* [What the exercise asks]
Leave the pictures out and return every line below exactly.

* [Raw data]

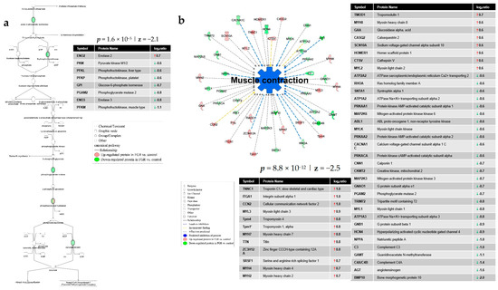 Ingenuity Pathway Analysis (IPA) of differentially expressed proteins (DEPs) in FGR compared to control showed inhibition of the integrin signaling (p = 1.7 × 10−8; z = −2.2) (Figure 2a) and apelin cardiac fibroblast signaling canonical pathways (p = 5.1 × 10−4; z = −2.5) (Figure 2b). Furthermore, IPA predicted a significant decrease in glycolysis (p = 1.6 × 10−5; z = −2.1) (Figure 3a) and muscle contraction (p = 8.8 × 10−12; z = −2.5) (Figure 3b) in the hearts of FGR neonates vs. control. Finally, a protein network related to carbohydrate metabolism, cell death and survival and embryonic development was over-represented in the DEPs of FGR vs. control pups (Score = 47, n = 33 proteins) (Figure 4).
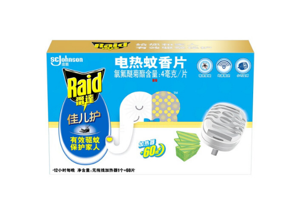 雷达(Raid)佳儿护 电蚊香片 60片 无线加热器 桉树香型 插电驱蚊器 灭蚊 防蚊虫 驱蚊片SKU:yzwhyp971601
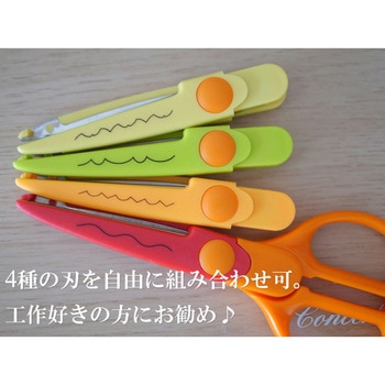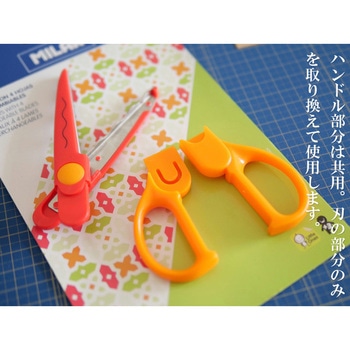 スペインの文房具メーカー MILANのデザインがとてもかわいい『ジグザグハサミ(替刃4本入り)』です。ハンドル部分は共用で、刃の部分のみを取り換えて使用するタイプのはさみです。4種の切り口デザインを自由に組み合わせられるので、工作好きの方にお勧めです。パッケージもかわいいので、お子さまへのプレゼントにも最適です。材質:プラスチック・ステンレス。内容:替刃4種(オレンジ・ライトグリーン・レッド・イエロー)、ハンドル部分(オレンジ色)。
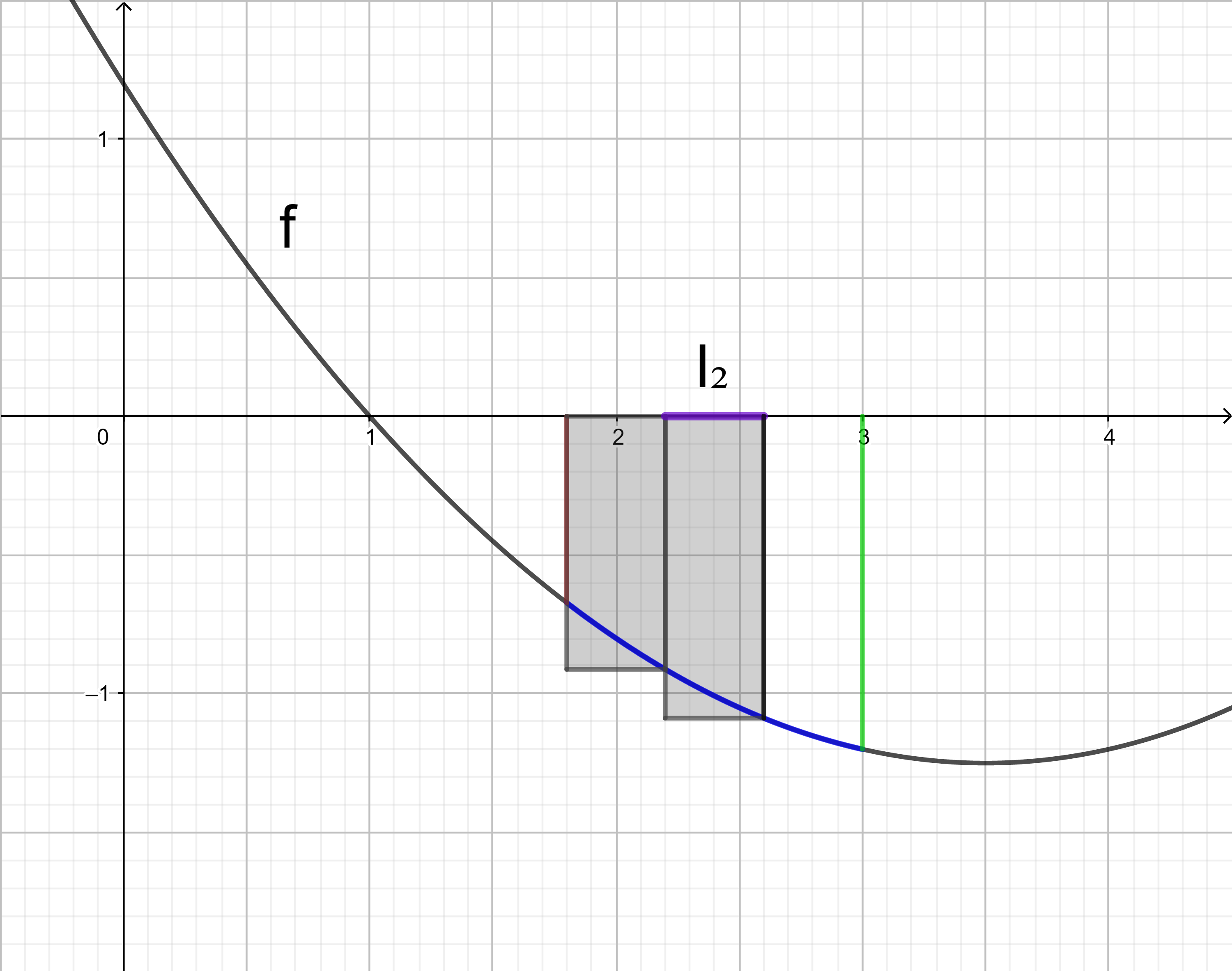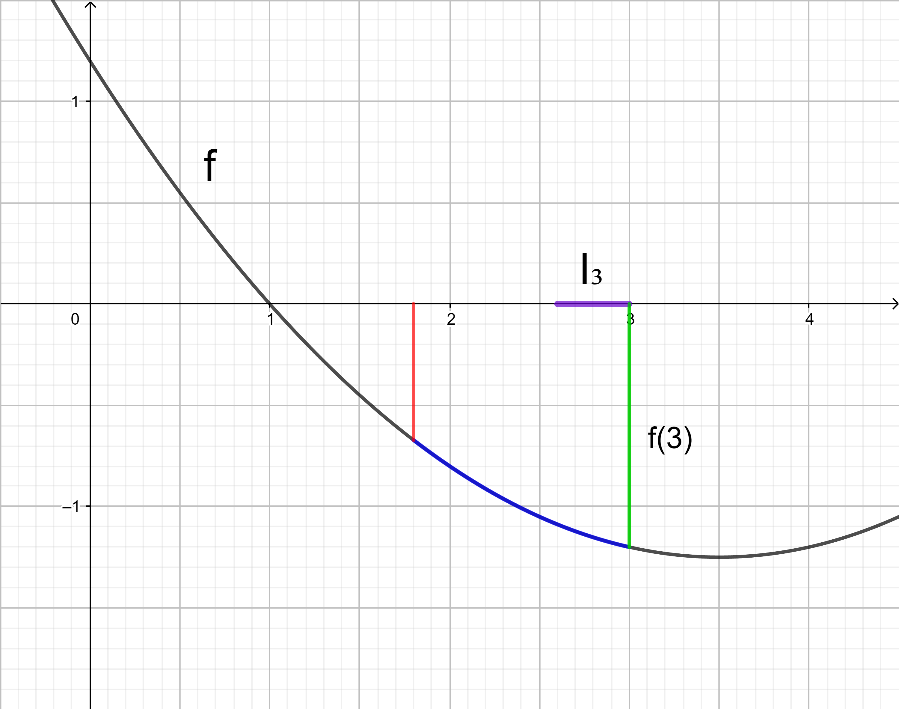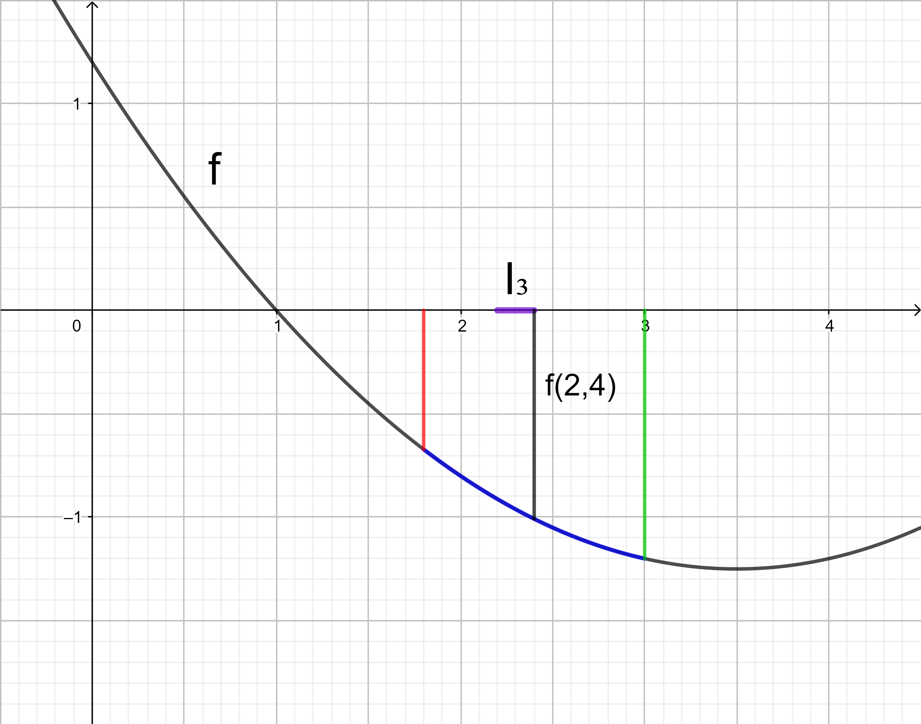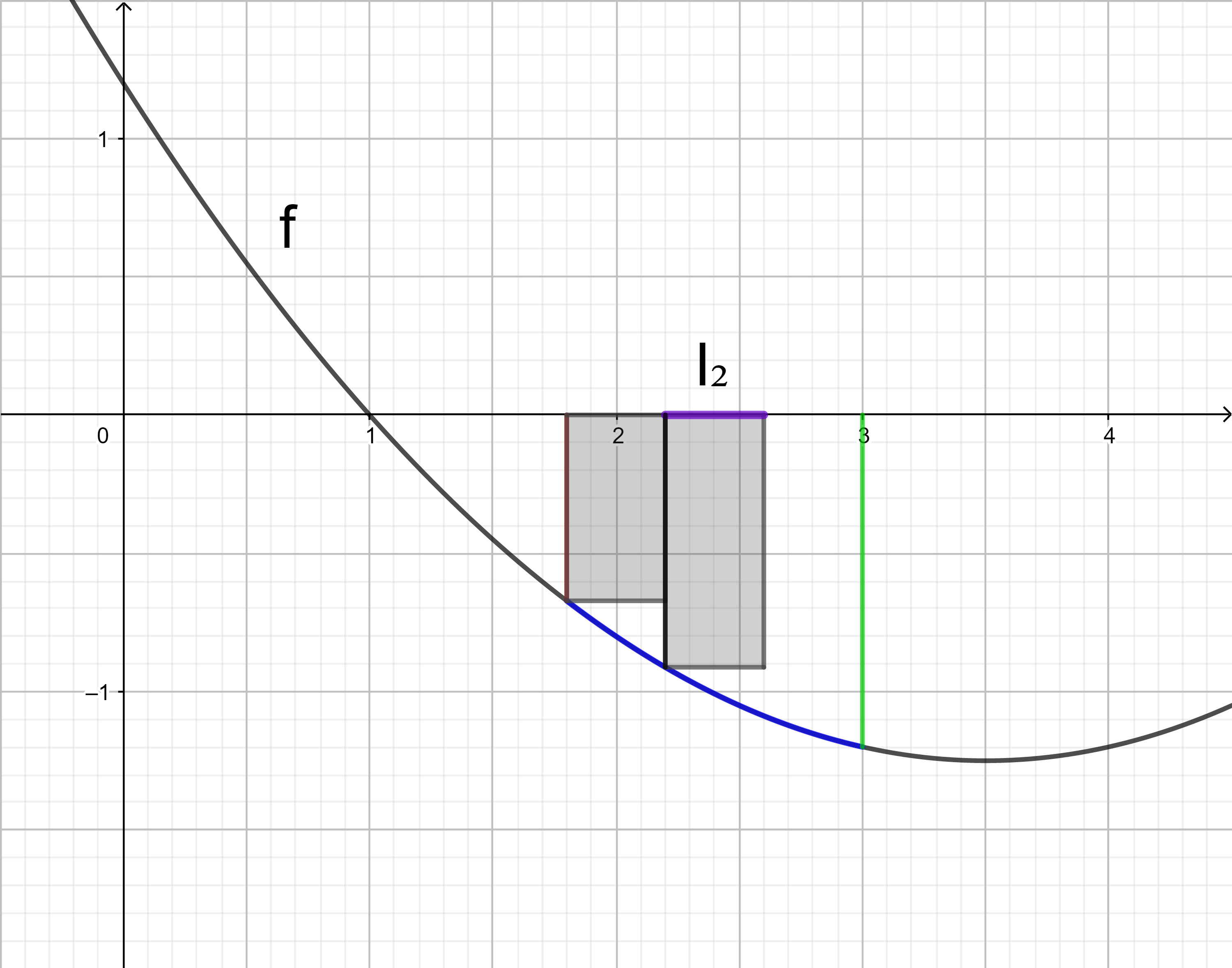 Da die Untersumme U3 kleiner als der gesuchte Integralwert sein soll, wird in jedem Teilintervall I1, I2, I3 der kleinste Funktionswert gesucht und anschließend ein Rechteck mit der Breite 0,4 und dem Betrag des kleinsten Funktionswerts als Länge gezeichnet.

* [Finished exercise]
 Ingenuity Pathway Analysis (IPA) of differentially expressed proteins (DEPs) in FGR compared to control showed inhibition of the integrin signaling (p = 1.7 × 10−8; z = −2.2) (Figure 2a) and apelin cardiac fibroblast signaling canonical pathways (p = 5.1 × 10−4; z = −2.5) (Figure 2b). Furthermore, IPA predicted a significant decrease in glycolysis (p = 1.6 × 10−5; z = −2.1) (Figure 3a) and muscle contraction (p = 8.8 × 10−12; z = −2.5) (Figure 3b) in the hearts of FGR neonates vs. control. Finally, a protein network related to carbohydrate metabolism, cell death and survival and embryonic development was over-represented in the DEPs of FGR vs. control pups (Score = 47, n = 33 proteins) (Figure 4).
 雷达(Raid)佳儿护 电蚊香片 60片 无线加热器 桉树香型 插电驱蚊器 灭蚊 防蚊虫 驱蚊片SKU:yzwhyp971601
 スペインの文房具メーカー MILANのデザインがとてもかわいい『ジグザグハサミ(替刃4本入り)』です。ハンドル部分は共用で、刃の部分のみを取り換えて使用するタイプのはさみです。4種の切り口デザインを自由に組み合わせられるので、工作好きの方にお勧めです。パッケージもかわいいので、お子さまへのプレゼントにも最適です。材質:プラスチック・ステンレス。内容:替刃4種(オレンジ・ライトグリーン・レッド・イエロー)、ハンドル部分(オレンジ色)。
 Da die Untersumme U3 kleiner als der gesuchte Integralwert sein soll, wird in jedem Teilintervall I1, I2, I3 der kleinste Funktionswert gesucht und anschließend ein Rechteck mit der Breite 0,4 und dem Betrag des kleinsten Funktionswerts als Länge gezeichnet.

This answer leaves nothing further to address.